CHICAGO — As Chicago Public Schools plans to sunset its School Resource Officer program by the start of the 2024-25 school year, the district’s prior commitment to minimize the larger presence of police in schools serving as security guards remains up in the air.

Service Employees International Union Local 73, the union representing CPS support personnel, has offered to waive a contract stipulation that currently requires CPS to hire police in part-time security roles, union spokesperson Eric Bailey told the Tribune.

In December, SEIU sent CPS a proposed Memorandum of Understanding that would immediately allow the district to hire civilians in part-time security roles, and the union has been awaiting a response since, Bailey said.
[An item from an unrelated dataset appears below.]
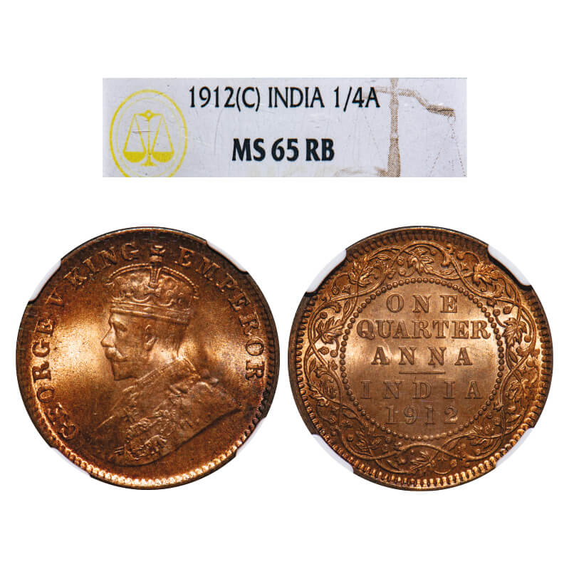 George V, Bronze, Quarter Anna, 1912, Calcutta Mint, No dot, Elephant-type. F. Prid 658. GK 1172. NGC Slabbed MS 65 RB. Extremely Rare. (Only 6 coins graded higher by NGC and none by PCGS in this category till 1/3/2025)

CPS confirmed it received the memorandum and a spokesperson said the district is assessing the financial terms it contains. According to Bailey, the proposal doesn’t alter the current wage rate, but simply eliminates a requirement in place since at least 2018 that part-time security candidates “must have the legal authority to effectuate an arrest.”

The district’s overarching five-year contract with SEIU, which also represents CPS crossing guards, special education classroom assistants, bus aides and parent workers, expired in June.

At that time, CPS said it employs 62 part-time security officers and maintains a substitute pool of vetted and trained part-time security officers assigned to support schools as needed. Public records show a cumulative 120 part-time security officers were assigned 59 separate CPS departments, primarily schools, as of June — when current Board of Education Vice-President Elizabeth Todd-Breland asked CPS Security Chief Jadine Chou about off-duty police in security guard roles.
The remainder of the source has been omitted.